Sep 30, 2008
As long as I can remember, I have always loved animal fat. Whether
it's the perfect, silken round of beef fat in a rib eye steak, the
crunchy, greasy cracklings on the back of a pork shoulder roast or
the glistening molten fat coating a whole lamb on a spit, I can't
get enough of it.
Every morning these days I make two pieces of toast and smear each
of them with a big dollop of Oyama
pork and duck rillettes, which must be about 60
percent fat. I never skim the fat from a roasting pan before I make
gravy (What's the point of that?). I always cook and eat chicken
with the skin on. And I must be the only guy on the planet that
likes to make burgers from regular ground beef mixed with ground
pork.
So imagine my surprise and delight last week when I met with my
doctor to discuss the results of my latest physical. All indicators
from the blood work were positive, including an extremely low bad
cholesterol level and a high good cholesterol count.

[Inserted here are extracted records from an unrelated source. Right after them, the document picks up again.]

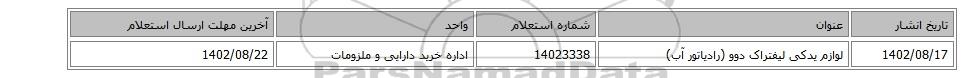 | 1402/08/17 | لوازم یدکی لیفتراک دوو (رادیاتور آب) | 14023338 | اداره خرید دارایی و ملزومات | 1402/08/22 |
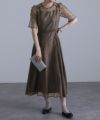 光沢感レースがシックな個性派ドレス バックリボンギャザースリーブワンピース
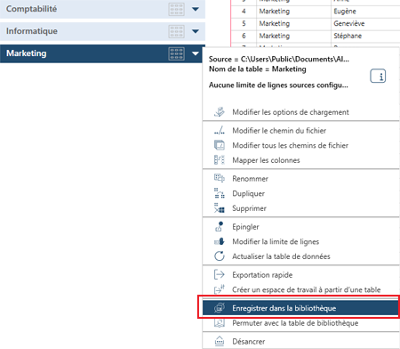 Quand vous enregistrez une source de données dans la bibliothèque, Monarch Data Prep Studio garde aussi en mémoire le chemin d’accès ou l’emplacement de la source. Vous pouvez ensuite utiliser la bibliothèque pour accéder en toute simplicité et inclure des sources de données fréquemment utilisées lorsque vous définissez des espaces de travail, sans avoir à ouvrir la source de données et à charger les tables.
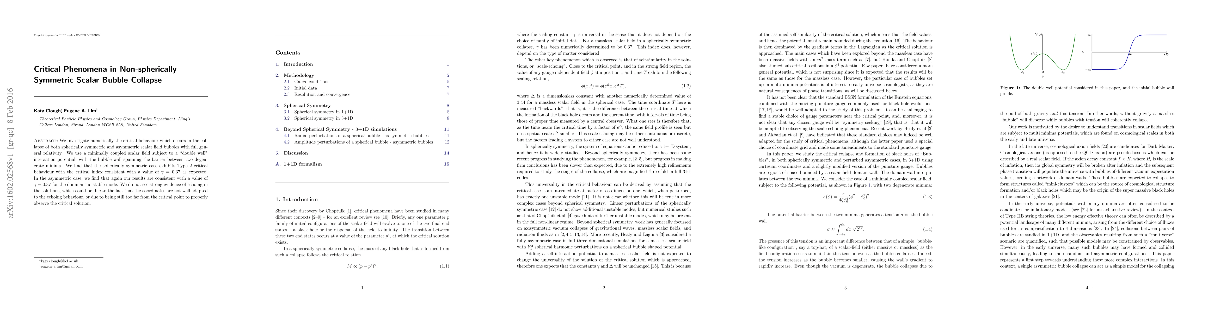 This paper numerically examines the critical phenomena in the collapse of scalar field bubbles, both spherically symmetric and asymmetric, under general relativity. It finds that the critical index gamma is consistently 0.37 for both cases, but lacks strong evidence of echoing, possibly due to inadequate coordinate adaptation or insufficient proximity to the critical point.
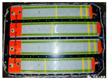 宁德时代在之前的文章已经做过分析,这里以特斯拉为例,如下图为特斯拉Model 3电池包内部拆解图,可见Model 3是由四个长度约2米的大模组组成,而之前特斯拉Model S的模组为16个,详情请见()。
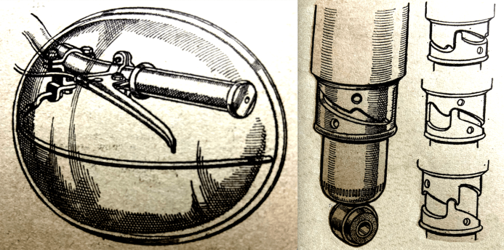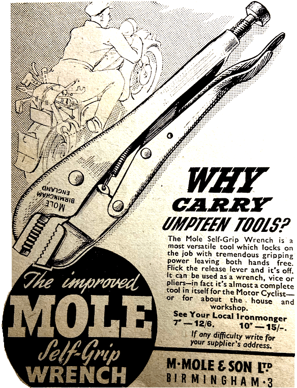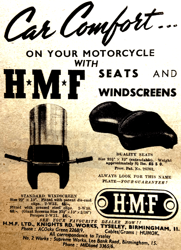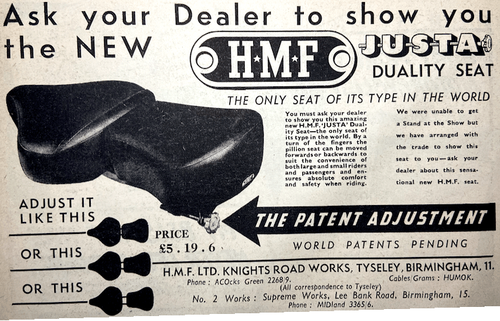 “HANDLEBAR GRIPS IN PVC (Polyvinyl Chloride) manufactured by The DM Industrial Plastics Co (Kingsbridge Road, Cottimore Lane, Walton-on-Thames) are produced at 2s per pair. Cast in a deep tread pattern, the grips are softer than rubber and they are claimed to ensure a perfect grip under all conditions, even if the model has been dropped in mud. Other DM products include plastic fork gaiters (those fitted to the James, BSA Bantam and Tandon lightweights) and spark plug covers.”
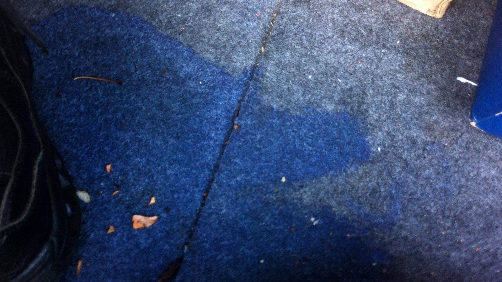 I'd forgotten to put the cap back on after taking some soap in to the school shower area. It seems on the short drive before I remembered the laundry soap had fallen over. Thankfully I didn't lose much, maybe 10-15% of the bottle, probably less than one wash's worth. But the interesting part is that the gray carpet in the trunk that it spilled on turned a bright blue. I have no idea why. It must have been some kind of chemical reaction. It was kind of cool.
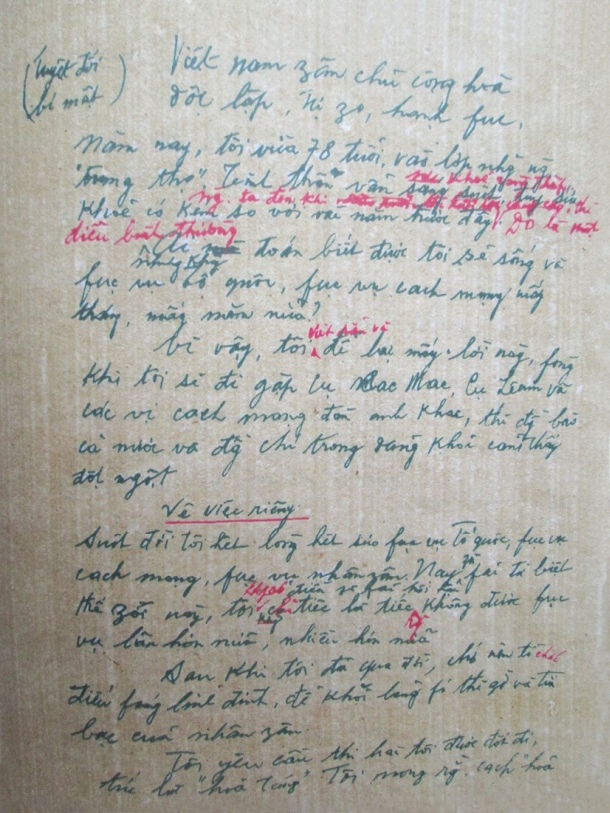 Ngày hôm sau, đúng ngày sinh nhật của Bác, Bác đọc lại kỹ hơn bản đã viết của mình, chỉ chữa thêm ba chữ ở phần đầu. Trong câu “Nhưng tinh thần, đầu óc vẫn sáng suốt như thường”, Bác khẳng định lại bằng câu: “Nhưng tinh thần, đầu óc vẫn rất sáng suốt”. Trong câu: “Khi người ta đã ngoài 70 tuổi”, Bác bỏ chữ “tuổi” và thay bằng chữ “xuân”. Bác dùng chữ “sẽ” thay cho chữ “phải” trong câu: “phòng khi tôi phải đi gặp cụ Các Mác, cụ Lênin và các vị cách mạng đàn anh khác”.
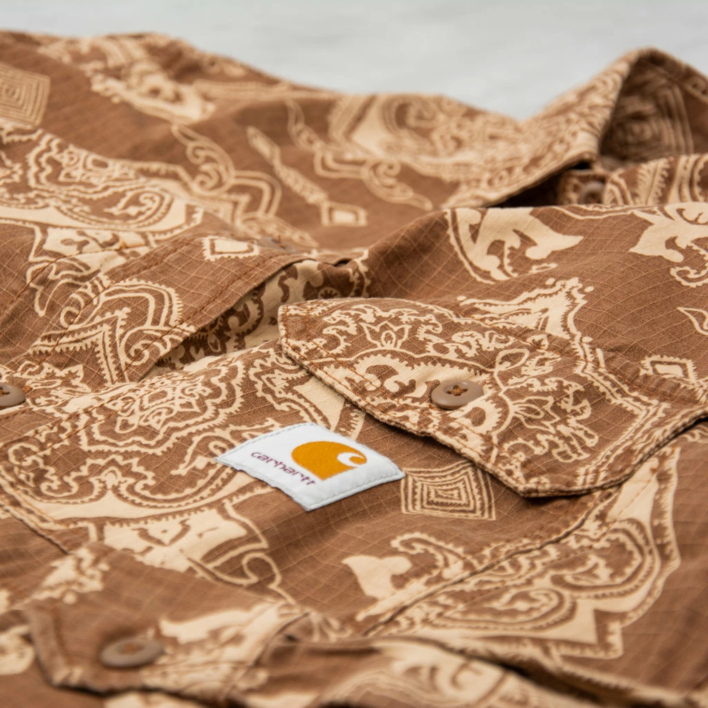 Carhartt WIP Verse L / S Shirt – the fabric has a unique worn-in character, and printed all over with the baroque-inspired Verse motif. A curved hem and a woven Square Label on the front patch pocket complete the design.
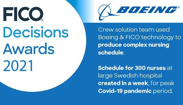 For its achievements, Boeing’s crew solution team has won the 2021 FICO® Decisions Award for AI, machine learning & optimization.
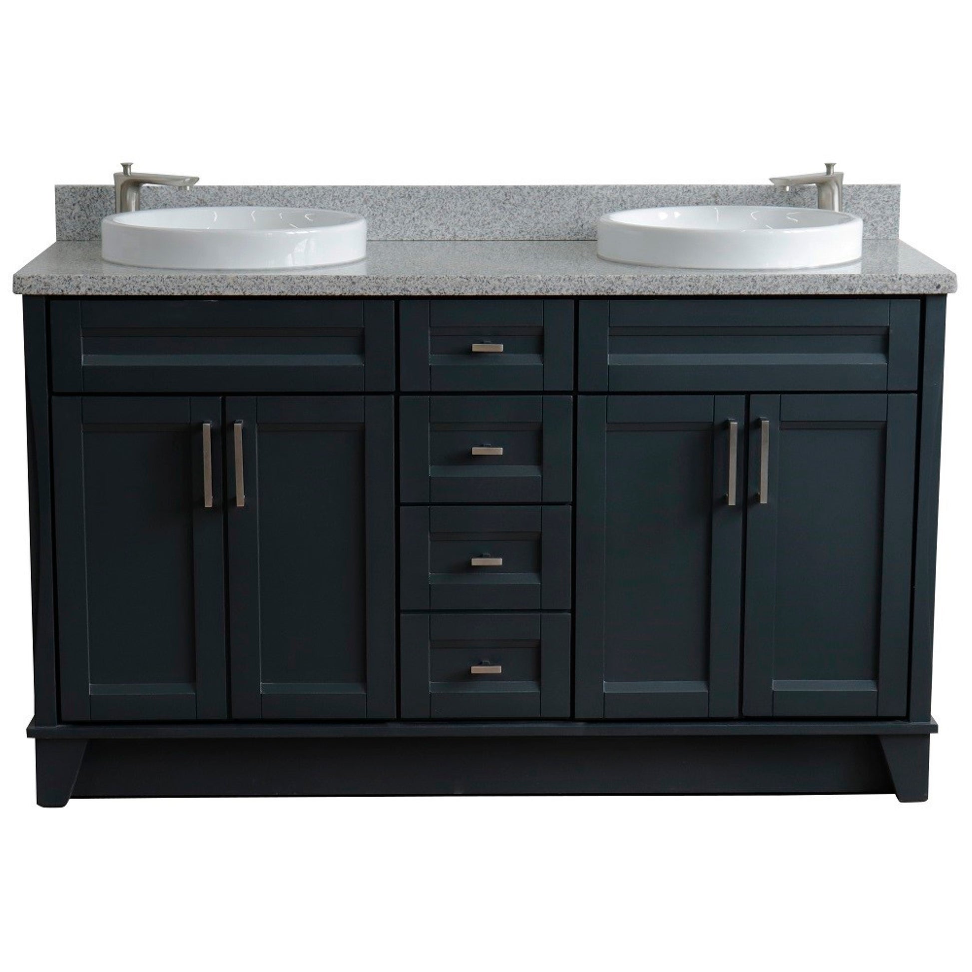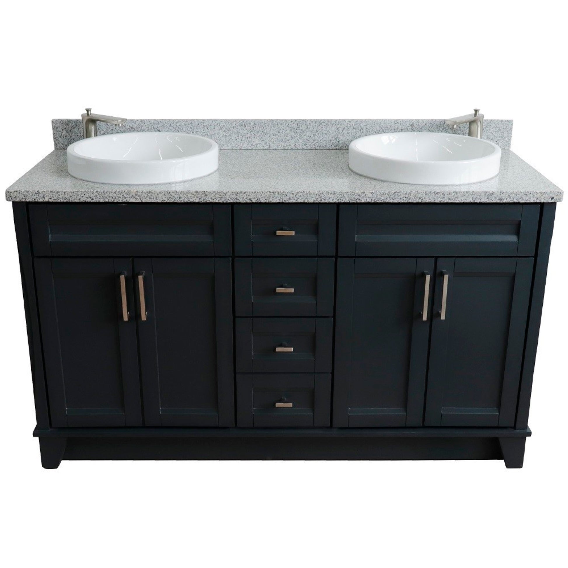 61" Double sink vanity in Dark Gray finish and Gray granite and round sink
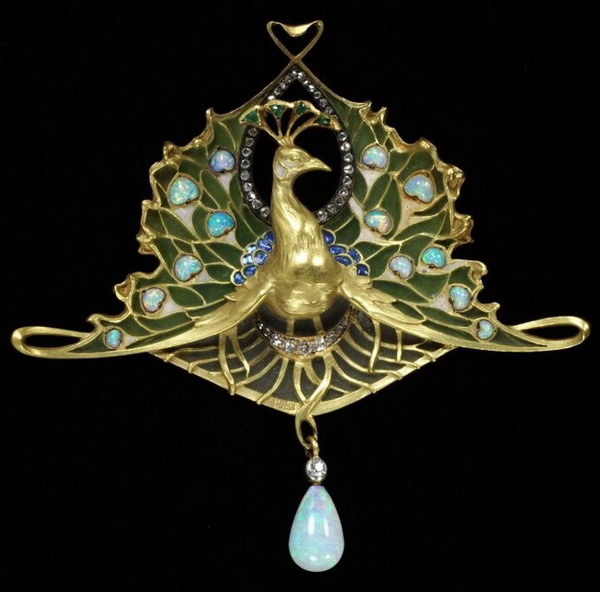 Золотая подвеска в виде павлина, украшенная витражной эмалью, бриллиантами, опалами и изумрудами, работы Л. Готре (1965-1937), Франция, около 1900 г.
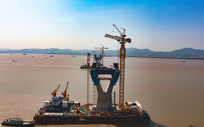 初夏時節(jié),東海之畔,徐工XGT7300-260S、XGT8300-320S揮舞鐵臂,如“定海神針”矗立深藍(lán),助力舟山六橫大橋二期工程青龍門大橋主塔施工,“海上巨龍”穩(wěn)扎穩(wěn)打向上攀升。
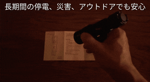 災害や停電時の明りとして電池切れの心配がなく、長期間の備えとして最適。

I am a perfectly healthy 50 year old whose diet consists mainly of
fatty meat. Woo hoo!
With this in mind, I was further delighted to see an interview on
salon.com with Jennifer Mclagan, author of
Fat: An Appreciation of a Misunderstood Ingredient, With
Recipes. Animal fat, it turns out, is good for us and has
nothing to do with the health crisis facing North America these
days. Thank you, Jennifer, for lifting the guilt that's been
eating me for quite a few years. I can now tuck into that rib eye
with impunity, and continue to ask my favorite question at the
family dinner table whenever I see some fat that's been trimmed off
a steak: "Are you going to finish that?"